If $B$ contains a portion of 2 $A$ blocks, then each of these sub-blocks have an equitable bi-coloring. If both of these portions have odd width, pick the coloring of the first $A$ sub-block to have 1 more red column, and the coloring of the second $A$ sub-block to have 1 more blue column. This ensures that there are the same number of red and blue columns, in these sections of $B$. Alternatively, if at most one of the of these sub-blocks has odd width, then pick any coloring honoring the equitable bi-colorings given by the sub-blocks. Then, number of red columns and the number of blue columns differs by at most 1. Any remaining columns can be colored so that the total number of red columns and the total number of blue columns in $B$ differ by at most 1.
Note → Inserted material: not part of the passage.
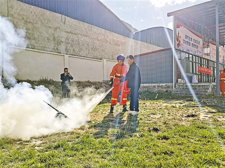 西藏森林消防總隊聯(lián)合拉薩市應(yīng)急管理局為達孜區(qū)群眾和干部職工講解逃生自救方法,進行救援技能展示,并組織滅火模擬演練。通過互動交流、觀摩體驗,充分調(diào)動當(dāng)?shù)厝罕妳⑴c應(yīng)急、共護安全的熱情,使其在沉浸式體驗中提高面對突發(fā)情況的應(yīng)急避險意識和快速反應(yīng)能力,筑牢思想和行動上的“防火墻”。

Finally, If $B$ contains a portion of 3 $A$ blocks then each of these sub-blocks have an equitable bi-coloring. If all of them have an even number of red and blue columns, then pick any coloring honoring the equitable bi-colorings given by the sub-blocks. If one of them is even, pick either coloring honoring the equitable bi-coloring given by the sub-block; pick the coloring of the first remaining $A$ sub-block to have 1 more red column, and the coloring of the second remaining $A$ sub-block to have 1 more blue column. If two of them are even, pick any coloring honoring the equitable bi-colorings given by the sub-blocks. If all of them are odd, pick the coloring of the first $A$ sub-block to have 1 more red column, the coloring of the second $A$ sub-block to have 1 more blue column, and the third coloring honoring either equitable bi-coloring given by the sub-block. In each of these cases, the number of red and blue columns can differ by at most one. Any remaining columns can then be colored so that the total number of red columns and the total number of blue columns in $B$ differ by at most 1.

Therefore there exists a equitable bi-coloring for any arbitrary sub-matrix of the block matrix. It is TU.

Answer 2

The counterexample is given by the following:

$$\begin{bmatrix} 1 & 1 & 1 & 0 & 0 & 0 & 0 & 0 & 0 & 0 & 0 & 0 \\ 0 &0 &0 &1 &1 &1 &0 &0 &0 &0 & 0 & 0 \\ 1 &0 &0 &1 &0 &0 &0 &0 &0 &0 &0 & 0 \\ 0 &1 &0 &0 &1 &0 &0 &0 &0 &0 &0 & 0 \\ 0 &0 &1 &0 &0 &1 &0 &0 &0 &0 &0 & 0 \\ 0 &0 &0 &0 &0 &0 &1 &1 &1 &0 &0 & 0 \\ 0 &0 &0 &0 &0 &0 &0 &0 &0 &1 &1 & 1 \\ 0 &0 &0 &0 &0 &0 &1 &0 &0 &1 &0 & 0 \\ 0 &0 &0 &0 &0 &0 &0 &1 &0 &0 &1 & 0 \\ 0 &0 &0 &0 &0 &0 &0 &0 &1 &0 &0 & 1 \\ 1 &0 &0 &0 &0 &0 &1 &0 &0 &0 &0 & 0 \\ 0 &1 &0 &0 &0 &0 &0 &1 &0 &0 &0 & 0 \\ 0 &0 &1 &0 &0 &0 &0 &0 &1 &0 &0 & 0 \\ 0 &0 &0 &1 &0 &0 &0 &0 &0 &1 &0 & 0 \\ 0 &0 &0 &0 &1 &0 &0 &0 &0 &0 &1 & 0 \\ 0 &0 &0 &0 &0 &1 &0 &0 &0 &0 &0 & 1 \end{bmatrix}$$

Consider the subset of columns { 1, 2, 3, 4, 6, 7, 8, 11, 12}.

To ensure the difference of the sums for each row is less than 2, it requires

C1 red ---> C4 blue---> C6 red

C1 red ---> C7 blue---> C8 red--->C11 blue--->C12 red

C6 and C12 are red and the sum for the last row of them is +2.